Work instruction:
Before printing, remove every picture; then print the lines below exactly, from the first line through the line containing "检查工作由辅导员老师带队,分".

══════

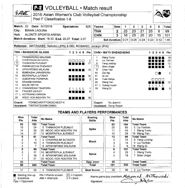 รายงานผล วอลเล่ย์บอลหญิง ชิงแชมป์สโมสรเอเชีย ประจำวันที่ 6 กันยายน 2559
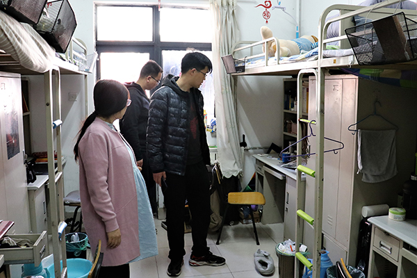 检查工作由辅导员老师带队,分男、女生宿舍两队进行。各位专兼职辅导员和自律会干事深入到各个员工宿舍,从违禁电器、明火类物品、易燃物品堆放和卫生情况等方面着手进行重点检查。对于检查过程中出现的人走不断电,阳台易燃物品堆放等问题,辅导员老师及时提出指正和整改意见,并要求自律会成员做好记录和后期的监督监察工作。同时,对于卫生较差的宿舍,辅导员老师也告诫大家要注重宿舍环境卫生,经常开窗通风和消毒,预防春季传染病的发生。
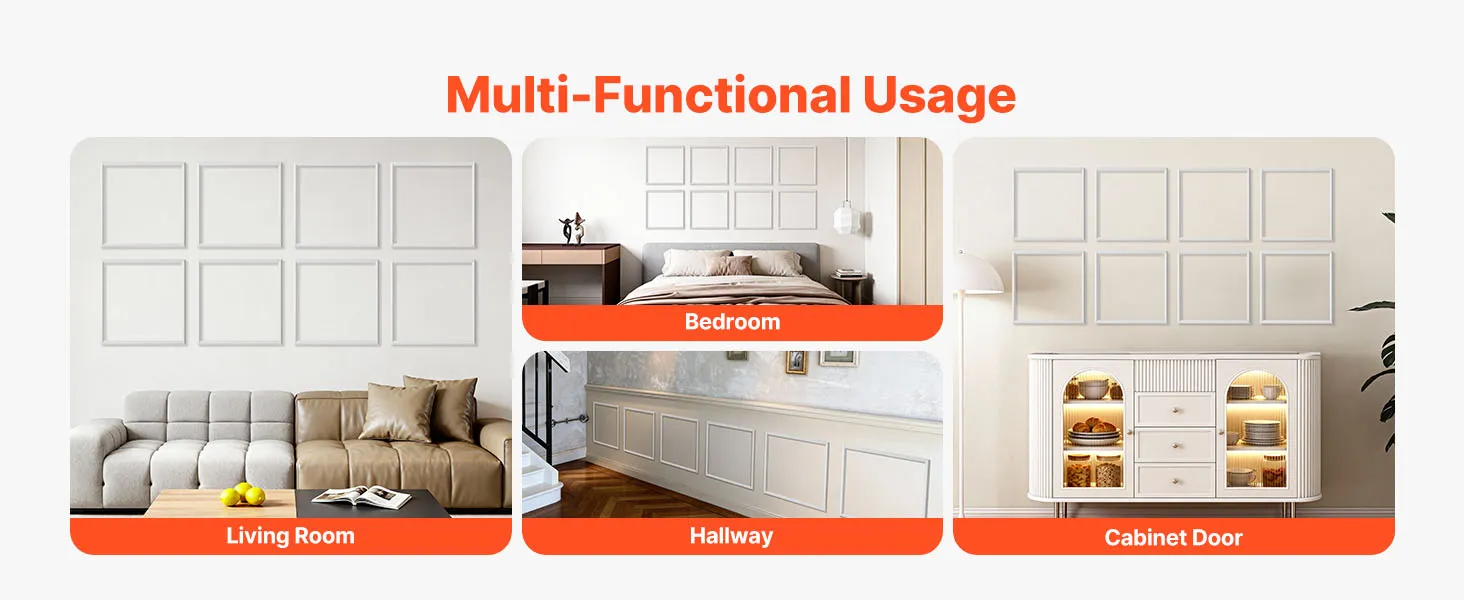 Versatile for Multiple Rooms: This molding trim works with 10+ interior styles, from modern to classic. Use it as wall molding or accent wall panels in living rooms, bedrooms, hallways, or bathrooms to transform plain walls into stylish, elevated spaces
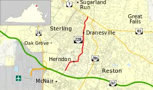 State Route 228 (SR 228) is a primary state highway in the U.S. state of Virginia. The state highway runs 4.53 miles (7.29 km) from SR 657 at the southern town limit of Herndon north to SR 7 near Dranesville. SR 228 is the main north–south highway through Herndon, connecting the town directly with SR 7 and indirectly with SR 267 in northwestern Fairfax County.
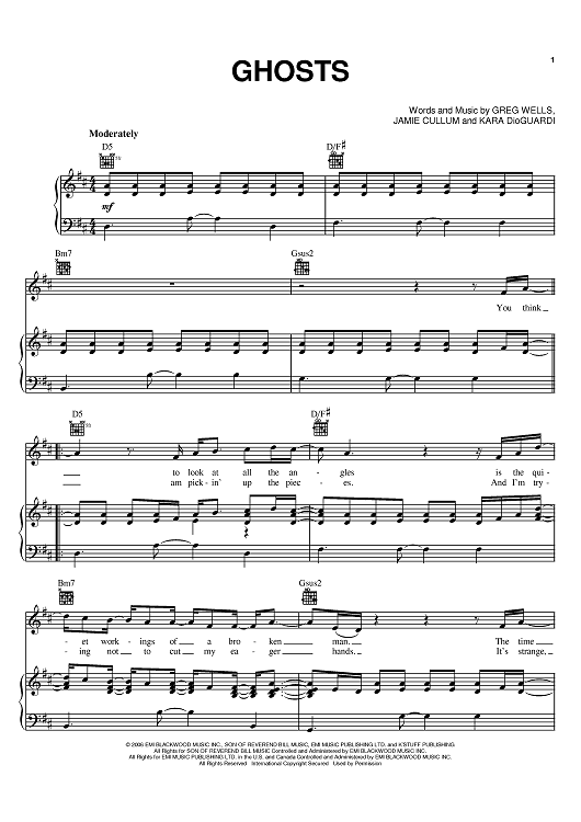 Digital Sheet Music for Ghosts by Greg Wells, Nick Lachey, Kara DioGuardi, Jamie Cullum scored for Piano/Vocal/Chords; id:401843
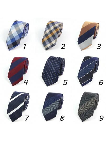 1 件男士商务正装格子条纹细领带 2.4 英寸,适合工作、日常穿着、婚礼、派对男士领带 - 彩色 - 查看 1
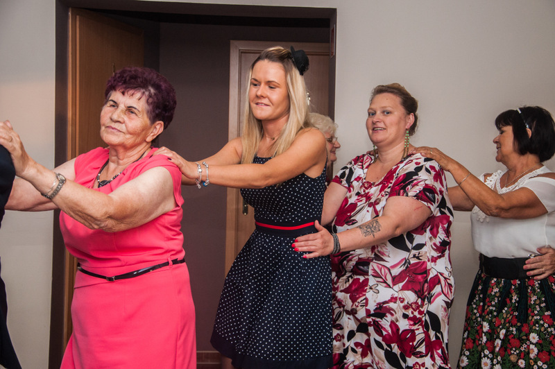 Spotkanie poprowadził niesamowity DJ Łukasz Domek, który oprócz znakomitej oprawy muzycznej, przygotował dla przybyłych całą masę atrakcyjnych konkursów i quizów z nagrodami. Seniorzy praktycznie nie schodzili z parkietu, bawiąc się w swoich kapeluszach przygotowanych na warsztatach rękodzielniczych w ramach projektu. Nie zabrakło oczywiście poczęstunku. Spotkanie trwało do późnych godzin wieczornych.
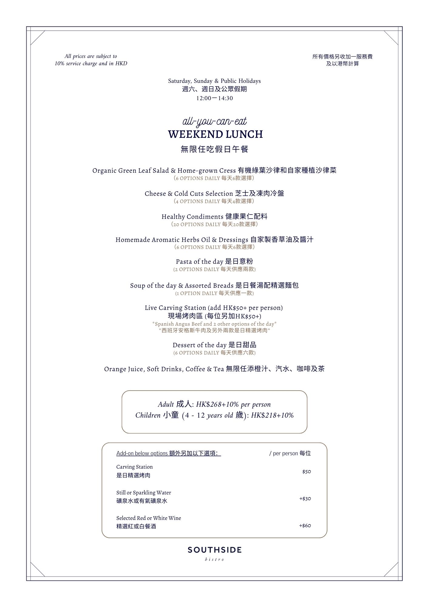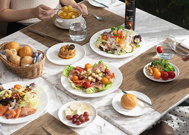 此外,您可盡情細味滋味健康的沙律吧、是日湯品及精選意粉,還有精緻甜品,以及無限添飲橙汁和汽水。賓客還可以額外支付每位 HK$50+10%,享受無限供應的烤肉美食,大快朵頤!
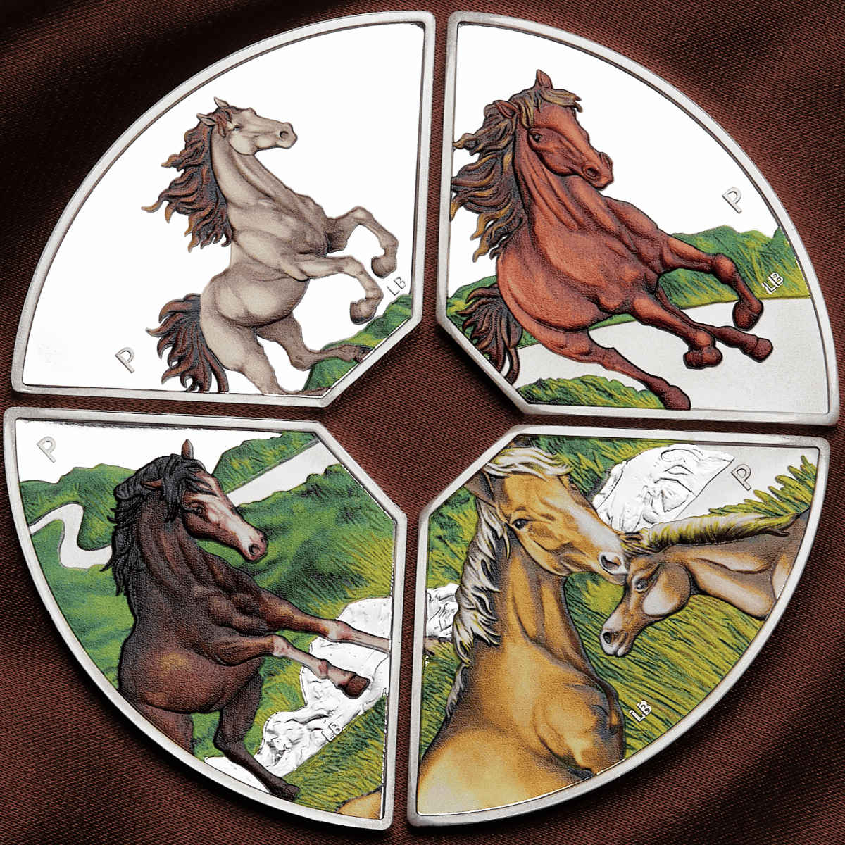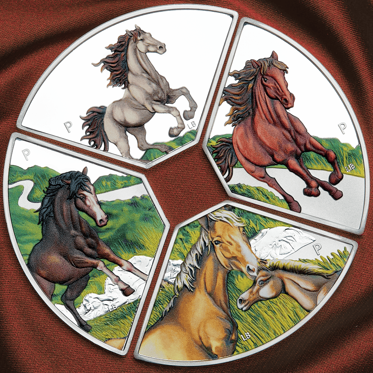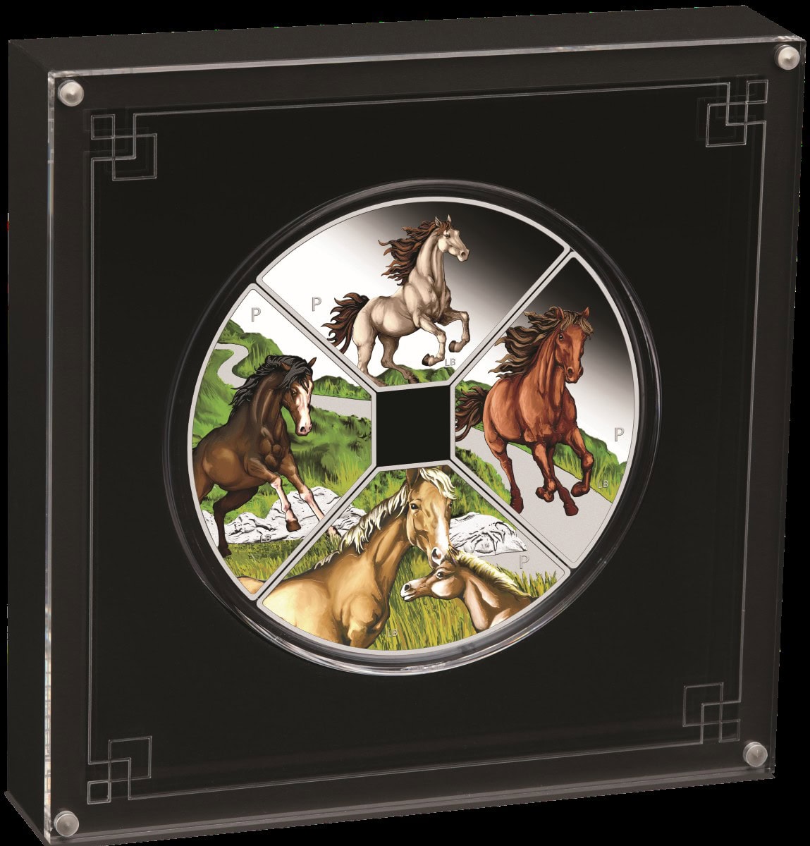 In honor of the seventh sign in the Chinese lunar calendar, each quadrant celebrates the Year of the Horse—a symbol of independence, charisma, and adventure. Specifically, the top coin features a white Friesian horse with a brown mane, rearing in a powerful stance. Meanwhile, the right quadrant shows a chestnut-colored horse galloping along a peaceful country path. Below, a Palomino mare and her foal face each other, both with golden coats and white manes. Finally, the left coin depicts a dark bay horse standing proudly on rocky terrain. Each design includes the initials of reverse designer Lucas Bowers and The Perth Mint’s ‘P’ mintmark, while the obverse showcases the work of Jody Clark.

══════

Solution to this task:
 รายงานผล วอลเล่ย์บอลหญิง ชิงแชมป์สโมสรเอเชีย ประจำวันที่ 6 กันยายน 2559
 检查工作由辅导员老师带队,分男、女生宿舍两队进行。各位专兼职辅导员和自律会干事深入到各个员工宿舍,从违禁电器、明火类物品、易燃物品堆放和卫生情况等方面着手进行重点检查。对于检查过程中出现的人走不断电,阳台易燃物品堆放等问题,辅导员老师及时提出指正和整改意见,并要求自律会成员做好记录和后期的监督监察工作。同时,对于卫生较差的宿舍,辅导员老师也告诫大家要注重宿舍环境卫生,经常开窗通风和消毒,预防春季传染病的发生。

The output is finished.